- _Task details_
In the data below, locate the line containing "Gold-colored Roman armor" and the line containing "Enhance your driving", then retype both and everything between them exactly. Pictures are not part of the copy.

- _Records supplied_
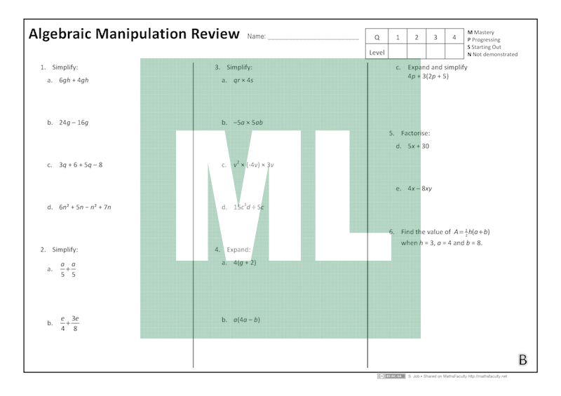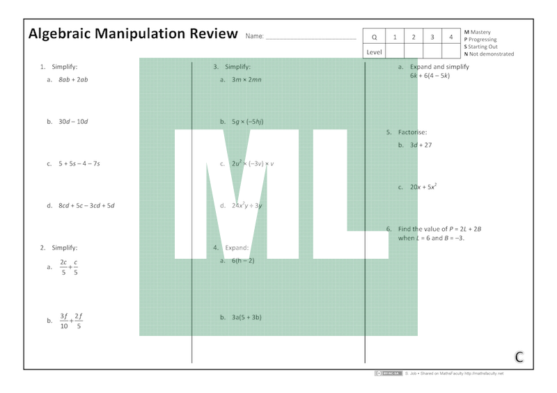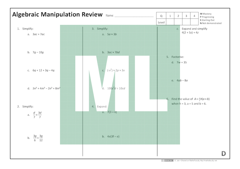 This set of four quizzes (A, B, C, D) was designed for reviewing Algebraic Manipulation with Year 12 General 1 students beginning AM3CEC: Further algebraic skills.
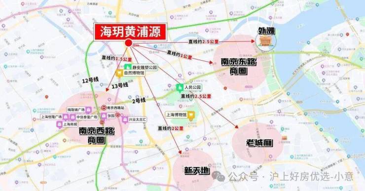 约2.5公里内涵盖南京东路、人广来福士、外滩、新天地、淮海路、老城厢等顶级商圈和地标。
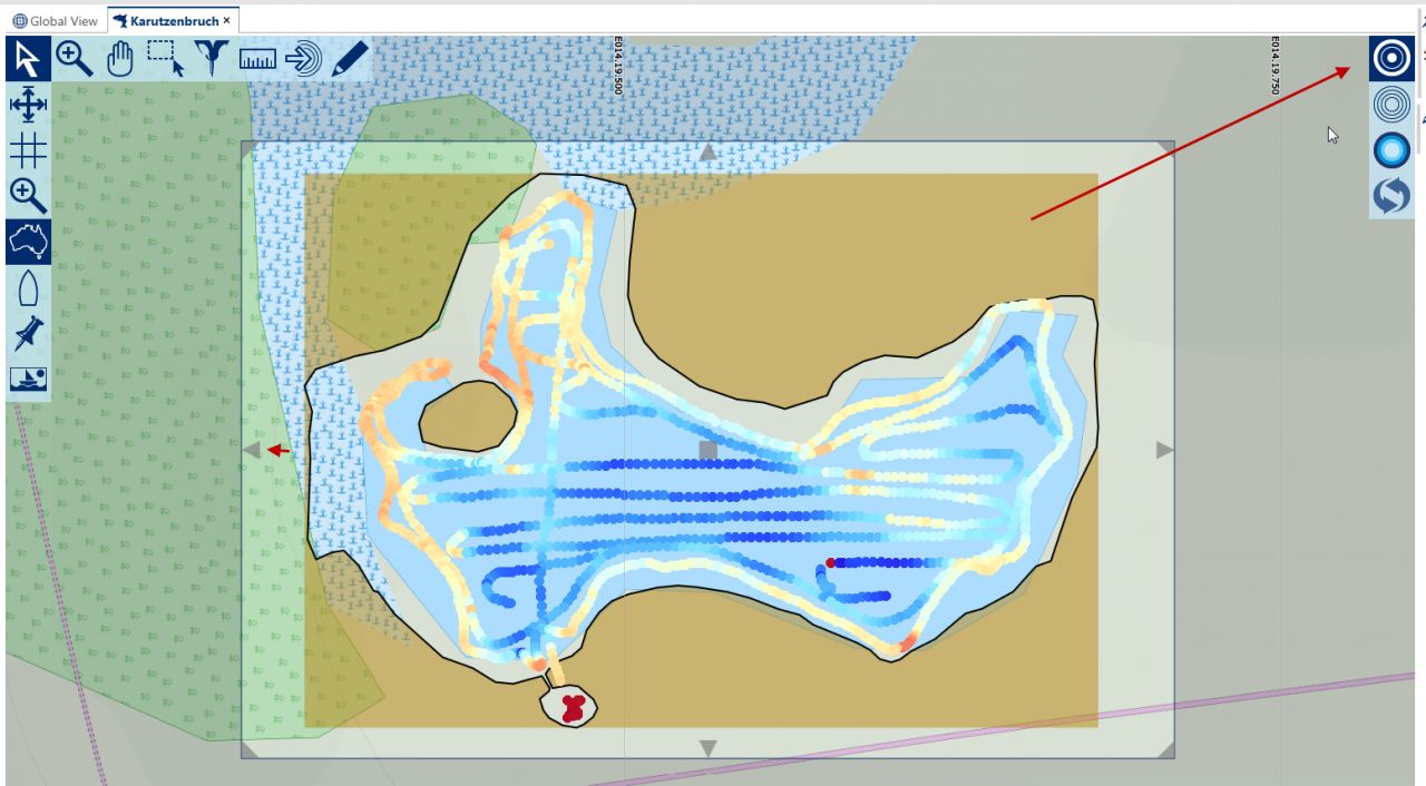 - Eine andere Alternative wäre Folgende. Im Projektmodus auf die Trackansicht und den Track im Viewer anzeigen, Punkte anzeigen lassen. Schauen ob die Punkte wirklich 2 m erreichen und überschreiten. Einige der fraglichen Punkte ca. 10 cm oder etwas mehr (probieren) runter ziehen, Karte neu berechnen. Dieser Fehler wäre dann sehr kleinflächig und gut vertretbar.
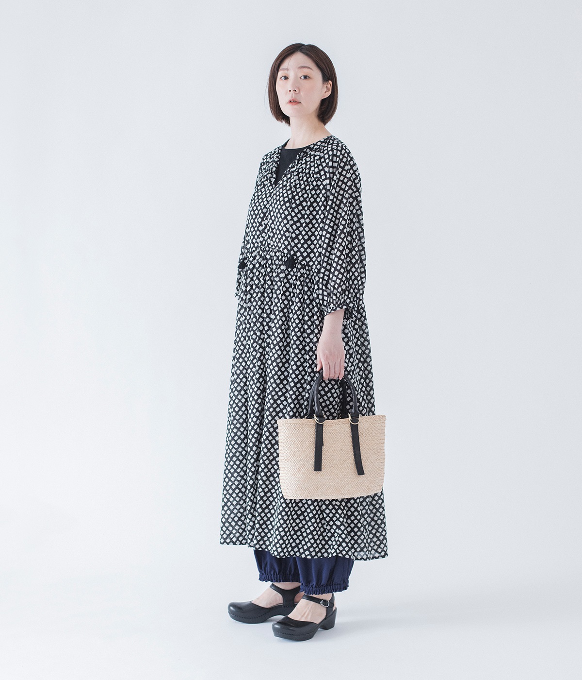 ワイドパンツほどボリュームが出ないので、小柄な方でも挑戦しやすいワンピースとの重ね着。
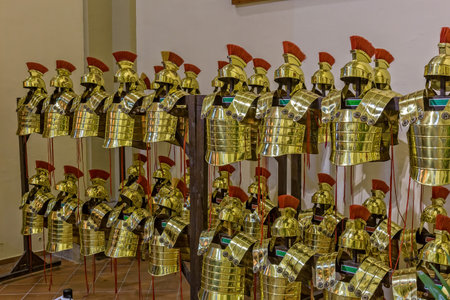 Gold-colored Roman armor in the city Gerona of Spain, 13 May 2017
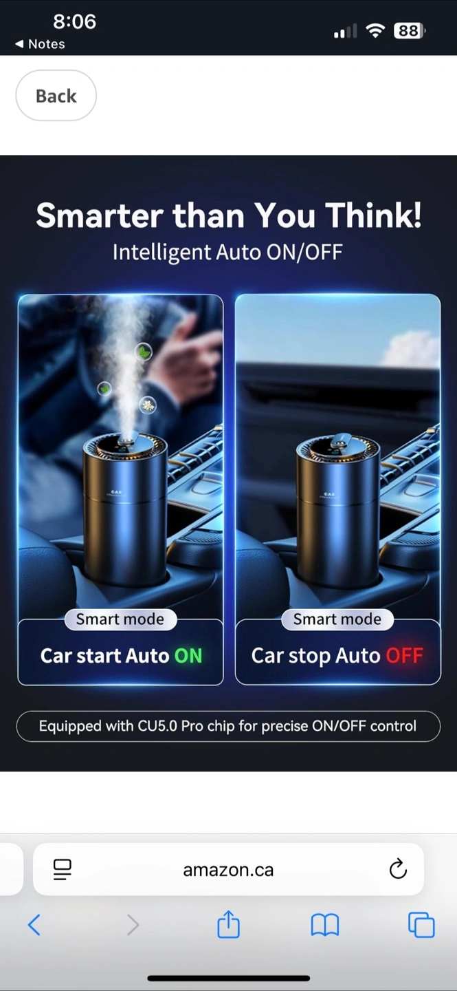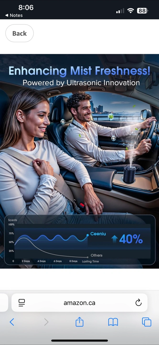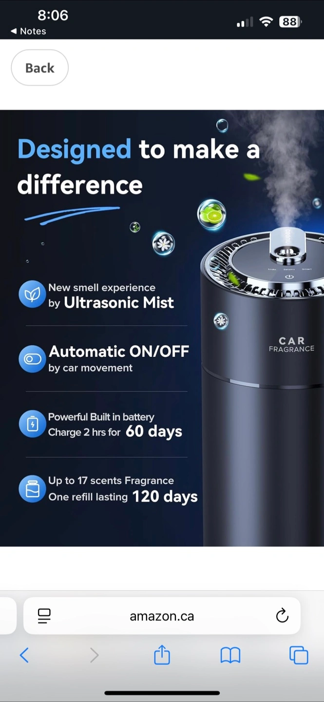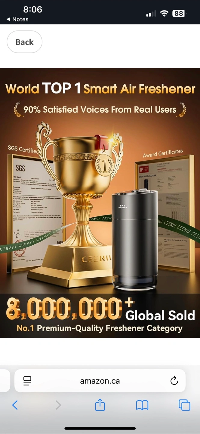 Enhance your driving experience with this Ceeniu smart car air freshener! This new ultrasonic diffuser automatically turns on and off with car movement, providing a consistent and pleasant aroma. With a powerful built-in battery, enjoy up to 60 days of freshness on a single charge, and each refill lasts for 120 days. It's compatible with up to 17 different scents for a customizable atmosphere. Key Features: * Ultrasonic Mist Technology * Automatic ON/OFF with Car Movement * Long-lasting Battery (60 days per charge) * 120 days per refill * Compatible with up to 17 scents I think this air freshener would be a 'scent'-sational addition to your vehicle! But don't just take my word for it, check it out yourself! If the ad is up, it's available! The product is in fully functional and brand new condition.
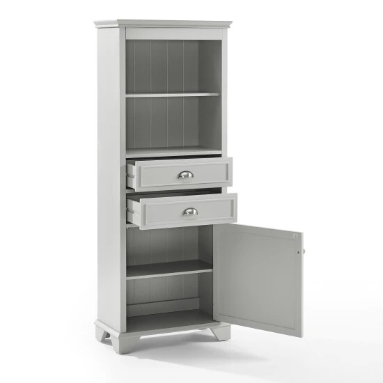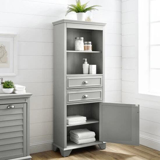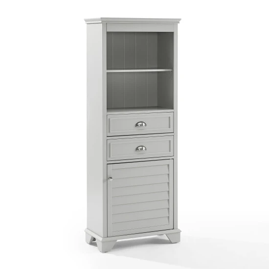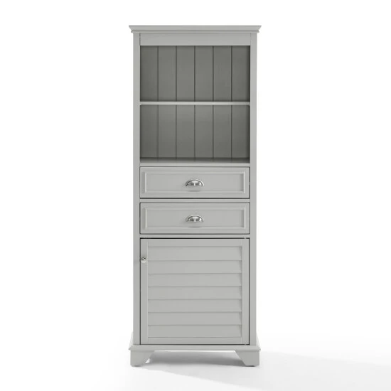 Bring order to your chaos with the Lydia Tall Cabinet. This tall cabinet was conceived to maximize storage space, in a style that embraces a classic cottage aesthetic. Featuring open shelving with beadboard detailing and two spacious drawers, this cabinet offers a variety of storage options. The large cabinet at the base of the unit features an adjustable shelf and a stylish louvered design on the door. The Lydia Tall Cabinet has everything you need to craft a tidy and organized living space. – Coastal cottage design – Gray finish – Genuine metal hardware in a brushed nickel finish – Adjustable shelf inside cabinet – Two deep storage drawers – Beautiful faux-louvered door – Adjustable open shelf – Pairs well with transitional or traditional decor
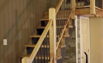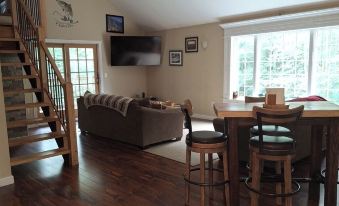 Warm and welcoming house surrounded by acres of trees. Back yard firepit is the perfect place to relax and unwind. bedroom has a queen size bed and dresser while the second bedroom is a loft space with 2 full size beds.
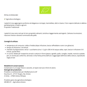 I petali di rosa greci biologici (varietà rosa damascena) sono un ingrediente raffinato, dal profumo floreale e dal gusto delicato, perfetto per aggiungere un tocco elegante a bevande e ricette.
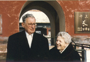 De twee oudste orkestleden, Hans de Vries en Riek van de Donk weerstaan de kou in de Verboden Stad in Beijing.
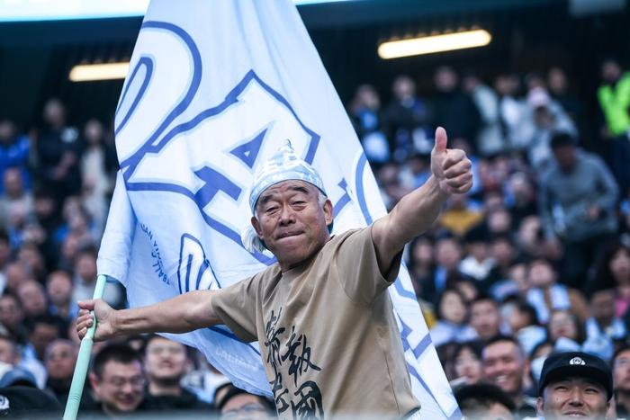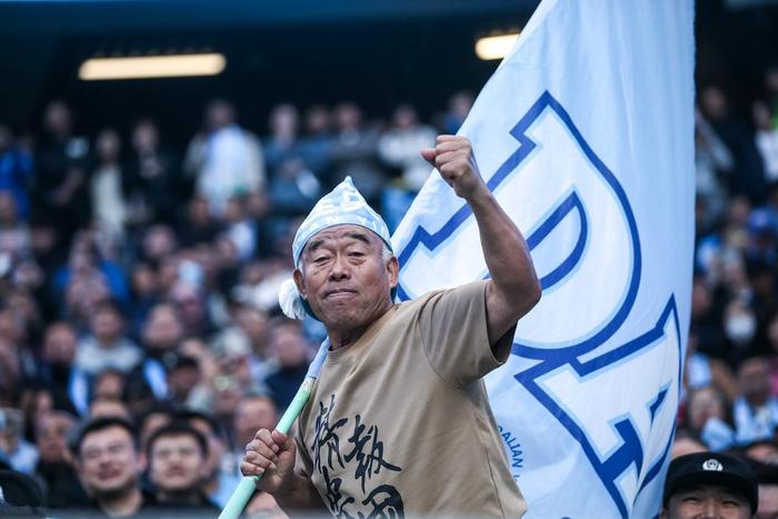 在散客球迷看台领喊的王大爷,来自古城金州的王大爷属虎,已经76虚岁,但依然精力旺盛,毫无保留地为大连足球呐喊助威。
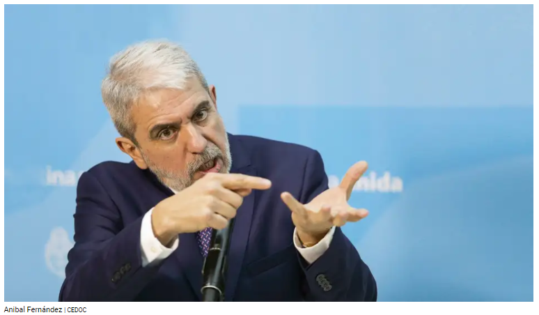 El ministro Aníbal Fernández fue de las pocas voces del gobierno que se escucharon en esta jornada de cambios: fue convocado a una reunión con el presidente lo que hizo dudar por algunos momentos de su continuidad en el cargo ya que buena parte de los funcionarios y ministros que se reunieron con Alberto Fernández este jueves terminaron cesando en sus funciones. Sin embargo este no fue el caso, para Aníbal Fernández «Massa aportará una visión más integral de la cosa»
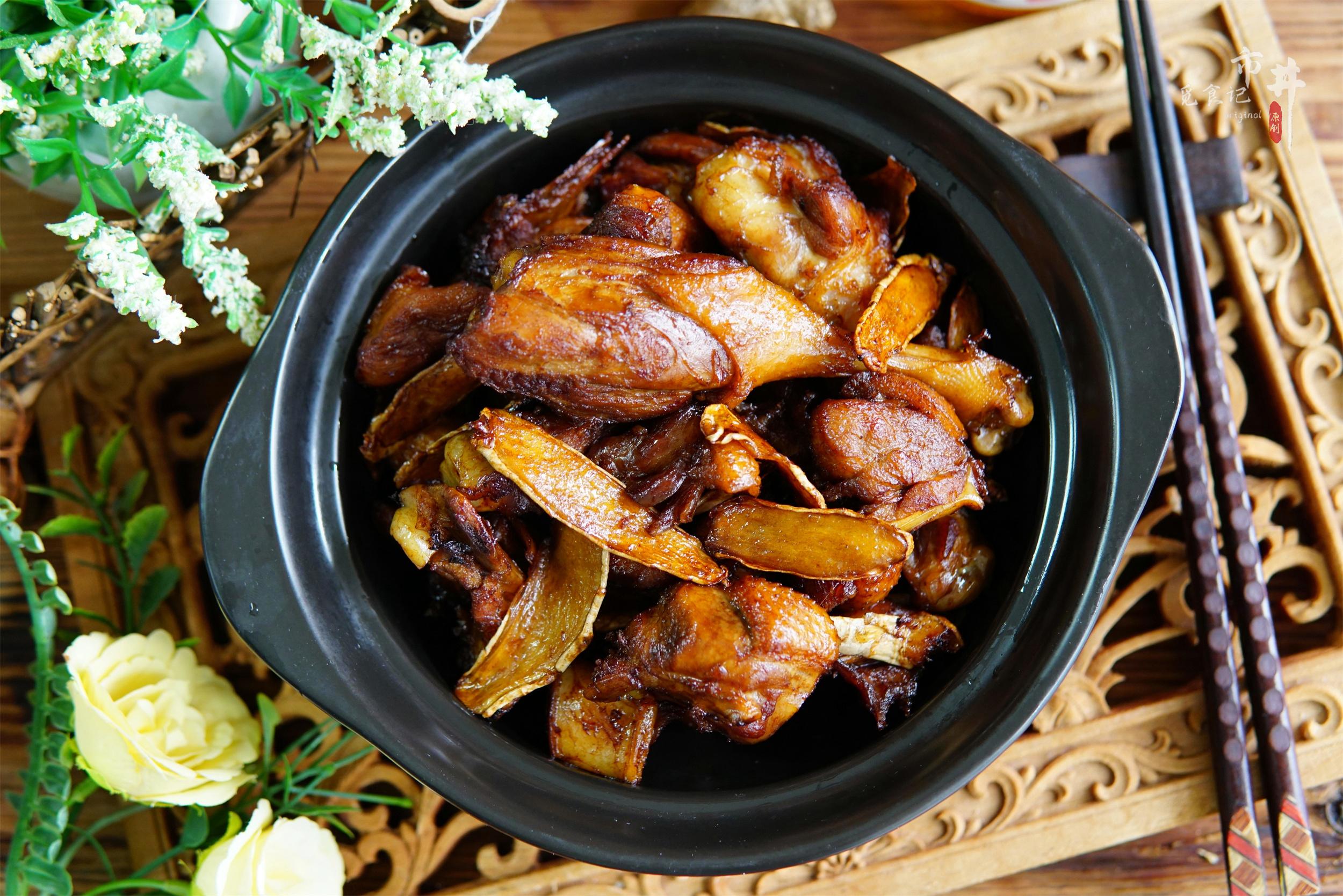 5、盖上砂锅盖子,慢煲四十分钟,每五分钟给鸭肉翻个面,煲至汤汁快烧干,只余一些底油即可出锅。
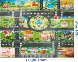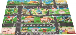 A szőnyeg bemutatja a városi tájat utak, épületek és parkok ábrázolásával, így ösztönözve a gyermekek képzelőerejét és kreativitását a játékok során.
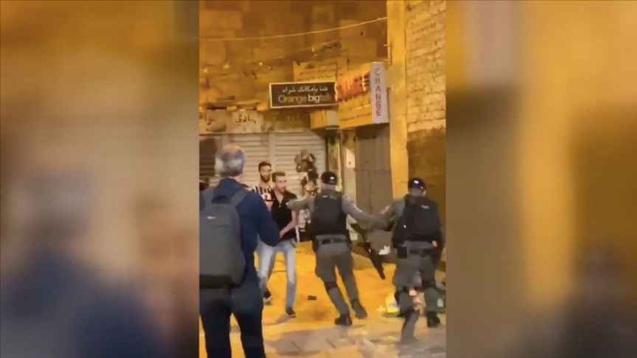 Bir grup Filistinli, akşam namazını Doğu Kudüs'ün Eski Şehir bölgesinde yer alan Şam Kapısı'nda kılmak istedi.
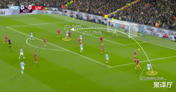 驻扎队员阐明到这些球员的危急性,便会向曼城蹙迫队员靠近,这反过来又会在边路腾出空间,让努内斯和奥莱利在无东谈主盯防景况下接球。

- _Written response_
 Gold-colored Roman armor in the city Gerona of Spain, 13 May 2017
 Enhance your driving experience with this Ceeniu smart car air freshener! This new ultrasonic diffuser automatically turns on and off with car movement, providing a consistent and pleasant aroma. With a powerful built-in battery, enjoy up to 60 days of freshness on a single charge, and each refill lasts for 120 days. It's compatible with up to 17 different scents for a customizable atmosphere. Key Features: * Ultrasonic Mist Technology * Automatic ON/OFF with Car Movement * Long-lasting Battery (60 days per charge) * 120 days per refill * Compatible with up to 17 scents I think this air freshener would be a 'scent'-sational addition to your vehicle! But don't just take my word for it, check it out yourself! If the ad is up, it's available! The product is in fully functional and brand new condition.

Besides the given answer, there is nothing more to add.